I'm working 60+ hours a week, taking care of the household chores, cooking dinners in my basement "McGyver" kitchen (two saw horses, an old door, a crockpot, electric skillet and toaster oven), no running water except the shower and toilet (doing dishes consists of a Rubbermaid container in the shower - wash hair, wash dishes, lather, rinse, repeat) . . . I'm at my wits' end. He's putzing outside raking leaves, helping his Dad fix the lawnmower, painting the garage door - almost anything except working on the kitchen/bath of the house. I've asked nicely, begged, pleaded, yelled, bribed, cried - even kicked him out of the house once! I can't get him to "man-up" and finish the house, get a job, or get his license.

What am I doing wrong? Any advice from someone who has been in a similar situation? I'm tired of taking care of EVERYTHING - it's like I'm the mother and he is the child.

Help . . . .


----------



## YupItsMe (Sep 29, 2011)

Hes a loser. He doesnt care. Dump him.


----------



## deejov (Sep 24, 2011)

Leave. Stop working two jobs. Let the house go. It's not worth your mental health to work 60 hrs. a week for a house that is not even finished. Stop paying all the bills. Call his parents, tell them what is going on, pack up and spend your money on rent. 

You can't force him to do what needs to be done. Take care of yourself. He needs some help. He's most likely depressed as well. I'm so sorry it has gotten this bad in just 2 years. Do you have any kids?


----------



## Yardman (Sep 10, 2011)

WoW!!!!!

Buy some fire crackers and set them off under his arse when he is napping?


----------



## Prodigal (Feb 5, 2011)

WifeOrMother? said:


> What am I doing wrong? ... I'm tired of taking care of EVERYTHING - it's like I'm the mother and he is the child.


You are supporting his worthless ass, that's what's wrong. Okay, you're tired of living like you're in a third-world country with the half-finished house. You are playing the mother. And he's the child who is milking this for everything it's worth.

Please give yourself the greatest gift you will ever deserve ... dump this piece of s***. Even in this rotten economy, he could get a couple part-time jobs. Why should he, when you are allowing him to sponge off you?


----------



## WifeOrMother? (Nov 6, 2011)

I have two kids from my first marriage.

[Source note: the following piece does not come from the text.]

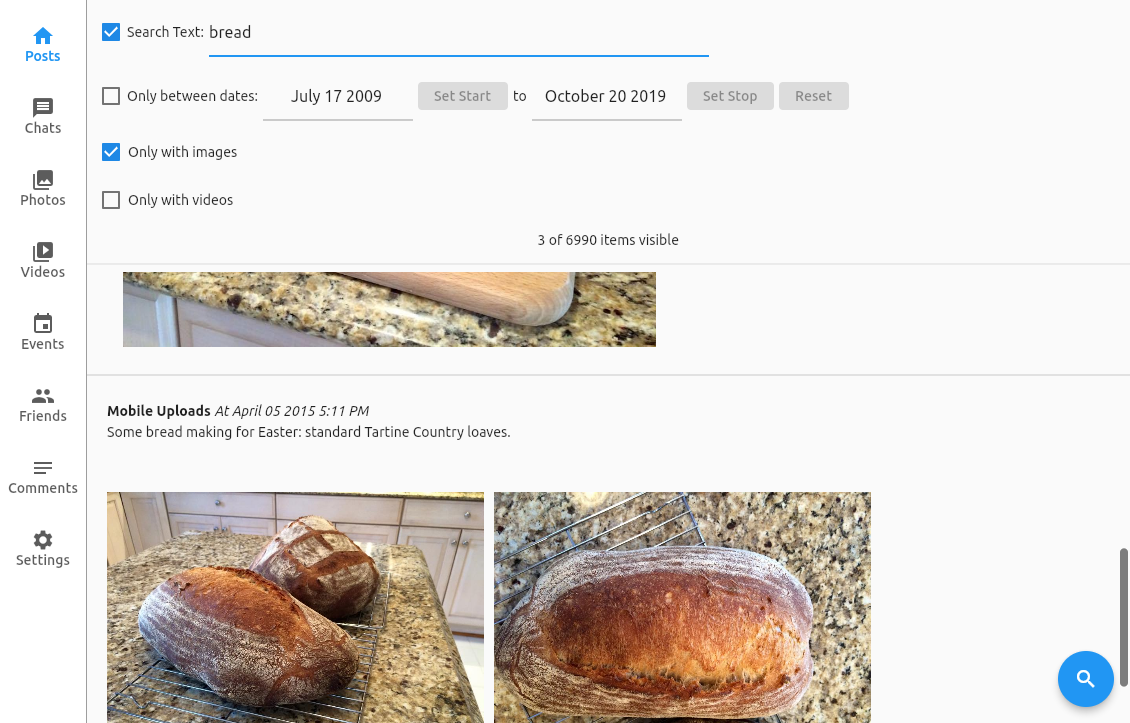 Toggling the visibility of the search fields is done by clicking the spyglass button on the lower right. This brings up the floating control panel where we can select filtering criteria that includes date ranges, free text search, and/or whether it has images or videos. In the above screenshot I’ve paired down posts to any that have images and include “bread” in the post text. At the bottom of the search bar it shows how many of the items, in this case posts, are visible versus the total number.

I don't want to go down the divorce road again . . . or screw up my credit and let this house get repo'd just to prove a point. Not only would I not be able to purchase a home for me and my kids again, I would lose all of the equity in the house.

Any constructive advice out there?


----------



## deejov (Sep 24, 2011)

I stand by my comment that your mental health is not worth this. 

Can you go stay with his family? Until the house is done? Can his family go over there and finish the renos? He needs some help. Get his family involved, NOW. Tell them what is going on. 

There is nothing you can say to him at this point to make him "do" anything. Literally. There is NO magic advice you are missing. 

You cannot make someone do things you want them to do. 

You need to do whatever is necessary to take care of yourself and your kids. Which is what you are doing already. Working two jobs, paying the bills, surviving in an unfinished house. 

If you are not happy with your living situation, then either fnish the reno's yourself, get family to help with it, or leave. 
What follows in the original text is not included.